WITH movie_counts AS (
SELECT n.nconst, n.primary_name,
COUNT(DISTINCT c.tconst) AS movie_count
FROM names n
JOIN crews c ON c.director = n.nconst
GROUP BY n.nconst, n.primary_name
)
SELECT primary_name,
CASE
WHEN movie_count >=5 THEN 1 ELSE 0
END AS directed_five
FROM movie_counts
ORDER BY primary_name
"""

# For testing
query_sql(p3q3)

Unnamed: 0,primary_name,directed_five
0,A. Flintov,0
1,A. Jagannathan,0
2,A. Joji,0
3,A. Kodandarami Reddy,0
4,A. Razak Mohaideen,0
...,...,...
14809,Özer Kiziltan,0
14810,Özgür Dogruöz,0
14811,Øystein Hallre,0
14812,Ülkü Erakalin,0


## **Submission**

To submit this assignment, run the cell below. It will create a zip file called `submit-me.zip` in this assignment's root directory. This zip contains all the queries you created in this notebook.

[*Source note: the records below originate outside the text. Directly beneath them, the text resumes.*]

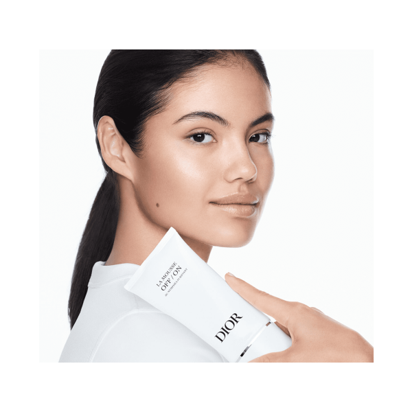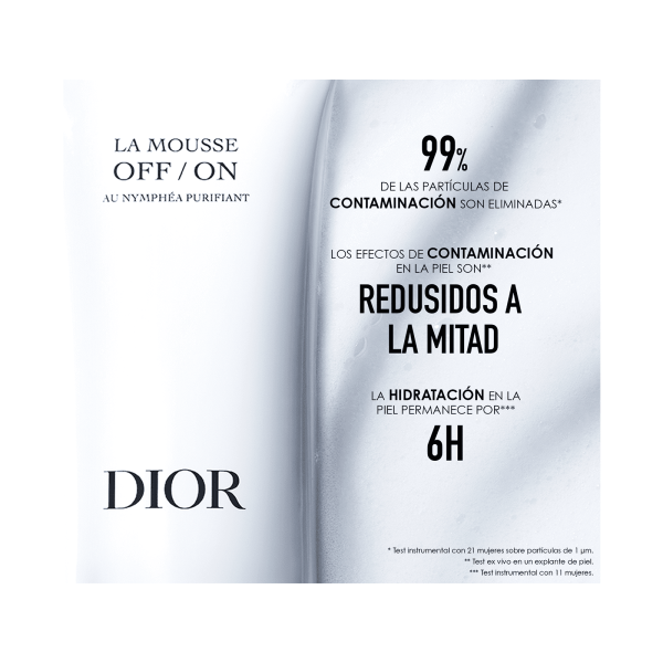 ¡HORA DE CAMBIAR! Dior ha creado OFF/ON Foaming Cleanser, la espuma limpiadora compuesta por un 90 % de ingredientes de origen natural para limpiar tu piel OFF/ON: - OFF = elimina las impurezas, las partículas urbanas, los restos de maquillaje y el exceso de sebo. Eficacia clínicamente probada: la espuma limpiadora elimina el 99 % de las partículas, incluidas las más finas y reduce en un 20 % los efectos de la contaminación sobre los lípidos cutáneos - ON = alivia la sensación de malestar, preserva la hidratación y la función barrera de la piel . El limpiador en espuma le permite reducir a la mitad los efectos nocivos de la contaminación en un marcador de barrera de la piel. Con una infusión de nenúfar purificante del nuevo jardín Dior y agua floral calmante de aciano, el limpiador en espuma OFF/ON ofrece más que una simple limpieza: este limpiador facial combina la suavidad de una crema con la eficacia de una espuma. Limpiador para revelar la pureza de la piel mientras proporciona una acción de cuidado de la piel que respeta la piel. Aireado y delicado, el limpiador en espuma OFF/ON libera la piel de residuos de maquillaje, filtros UV y contaminación para cambiar a una piel que parece increíblemente pura.TexturaMás que una simple limpieza, regálate un verdadero momento de cuidado con el limpiador OFF/ON: Su fórmula, compuesta por un 90% de ingredientes de origen natural, contiene un doble jabón que combate una amplia gama de impurezas. Su textura cremosa y densa se transforma en una espuma rica y aireada al entrar en contacto con la piel. Después del aclarado, la piel aparece perfectamente limpia, pura y confortable.
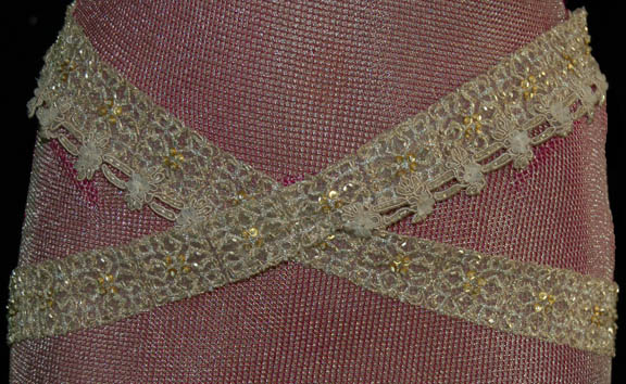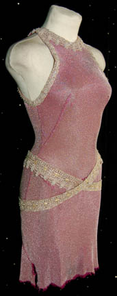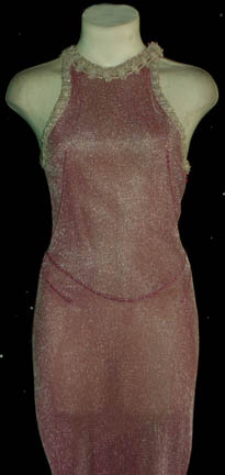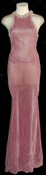 Description: “Kaitaama” (Padma Lakshmi) was a Kriosian princess from Krios Prime who was kidnapped by two Retellians in the Star Trek: Enterprise episode “Precious Cargo”. When the Retellians had ship failure they contacted the U.S.S. Enterprise for assistance where “Trip Tucker” (Connor Trinneer) noticed their royal cargo with bound hands and rescued her. Her costume lot includes two short dresses and one full length dress, all made of the same magenta and silver mesh fabric. Each dress has detailed cream lace and beaded detail around the neckline and arm holes. The short dresses also have attached corresponding belt ties. Costumes comes complete with costume tag.
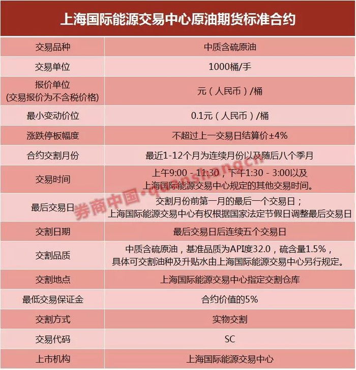 根据已公布的《上海国际能源交易中心原油期货标准合约》,原油期货标准合约交易品种为中质含硫原油,交易代码为SC,涨跌停板不超过上一交易日结算价±4%,交易单位为1000桶/手,合约采取人民币报价。
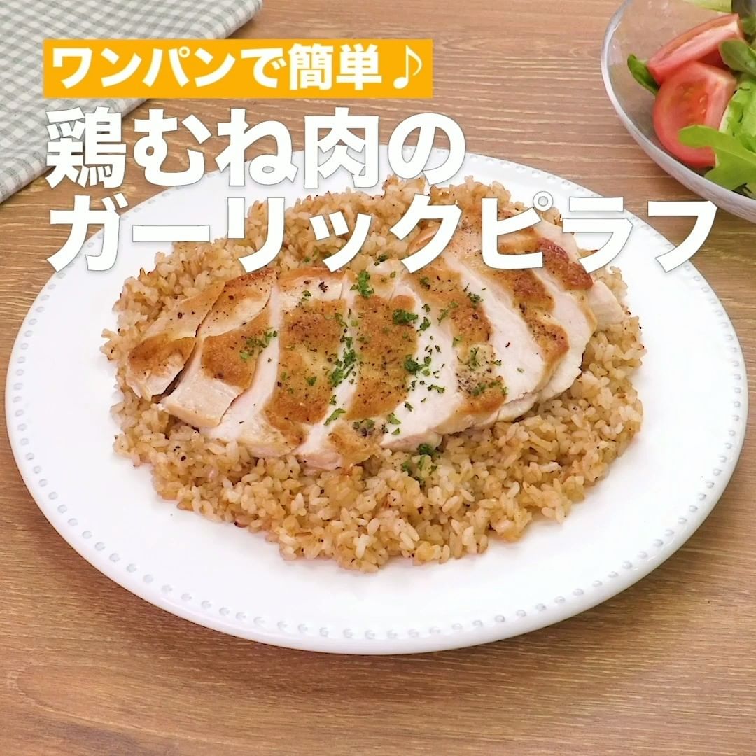 ⑤<ワンパンで簡単♪鶏むね肉のガーリックピラフ>
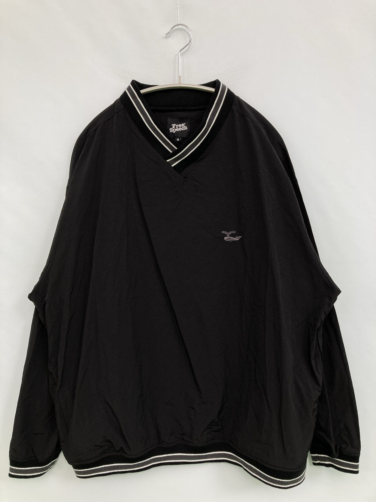 Free speech フリースピーチ ナイロンジャケット M ブラック 無地 ワンポイント ライン柄 フードなし
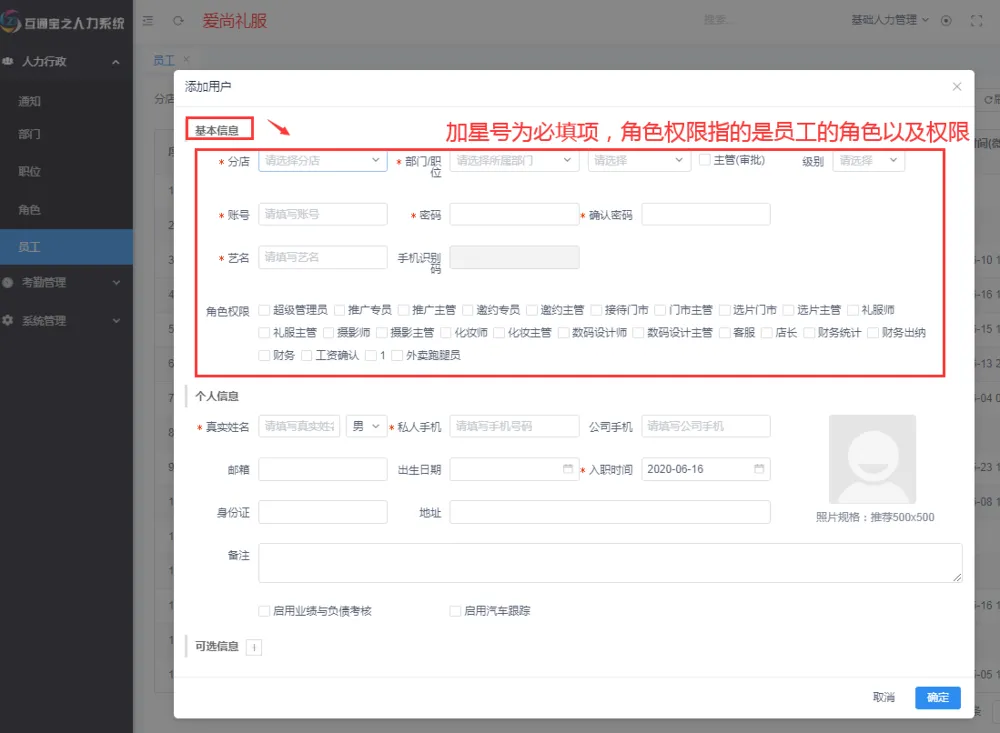 在添加员工账号时,一共有三个方面的信息,分别是基本信息、个人信息与可选信息
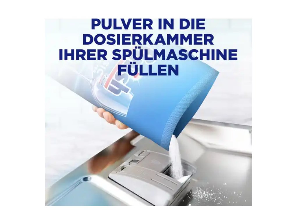 Parametry: Složení: 5–15 % bělidlo na bázi kyslíku, <5 % neiontové povrchově aktivní látky, <5 % polykarboxyláty, <5 % fosfonáty, enzymy (subtilisin, amyláza), parfém Návod k použití: Naplňte dávkovač v myčce podle jejího návodu – běžně po vyznačenou rysku. Použijte více prášku při silném znečištění, méně při menší náplni. Nepoužívejte do zásobníku na sůl. Upozornění: Výrobek není určen ke konzumaci. V případě požití vyhledejte lékařskou pomoc.
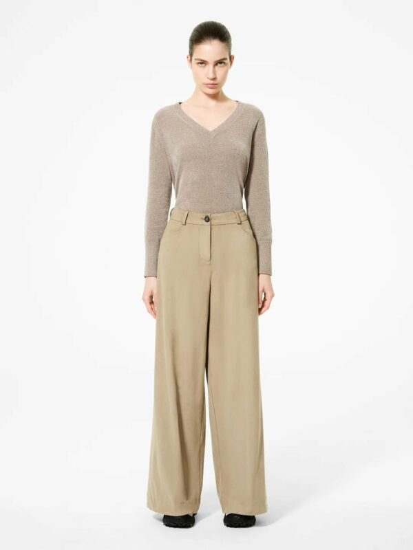 Coniugando disinvoltura e ricercatezza, questi pantaloni palazzo si distinguono per una linea fluida che avvolge la figura con eleganza, offrendo al tempo stesso comfort e libertà di movimento. Il tessuto eco suede elasticizzato, dal raffinato effetto nabuk, dona al capo un aspetto vellutato e una sensorialità morbida al tatto. La costruzione sartoriale, definita dalla vita regolare, dalle tasche alla francese e dalla sottile cintura con passanti, valorizza la silhouette con sobrietà. Proposti in una palette di tonalità stagionali, questi pantaloni si prestano con naturalezza alla creazione di look versatili e distintivi. Ideali per il quotidiano, rivelano tutta la loro versatilità se abbinati a una maglia in ciniglia dal taglio nitido e al Montecristo Thermo Parka Jkt, per un insieme che unisce stile urban e funzionalità.

Then, submit this `submit-me.zip` file to Gradescope under "Assignment 2: SQL" (using the "Upload" option, not submitting through GitHub).

In [108]:
import os, shutil
result = [p1q1, p1q2, p1q3, p1q4, p1q5, p2q1, p2q2, p2q3, p3q1, p3q2, p3q3]
filenames = ["1_1", "1_2", "1_3", "1_4", "1_5", "2_1", "2_2", "2_3", "3_1", "3_2", "3_3"]
working_dir = "temp"
zip_path = "../submit-me.zip"
if os.path.exists(zip_path):
    os.remove(zip_path)
os.makedirs(working_dir, exist_ok=True)

for i in range(len(result)):
    with open(working_dir + os.sep + filenames[i] + '.sql', 'w') as file:
        file.write(result[i])

!zip -j ../submit-me.zip {working_dir}/*
shutil.rmtree(working_dir)
        

  adding: 1_1.sql (deflated 25%)
  adding: 1_2.sql (deflated 21%)
  adding: 1_3.sql (deflated 30%)
  adding: 1_4.sql (deflated 25%)
  adding: 1_5.sql (deflated 23%)
  adding: 2_1.sql (deflated 32%)
  adding: 2_2.sql (deflated 39%)
  adding: 2_3.sql (deflated 47%)
  adding: 3_1.sql (deflated 32%)
  adding: 3_2.sql (deflated 48%)
  adding: 3_3.sql (deflated 39%)


## **END OF THE ASSIGNMENT**

If you pass everything, Congrats! You've learned how to write SQL queries from the basic to complex structure which would be essential for working with databases!!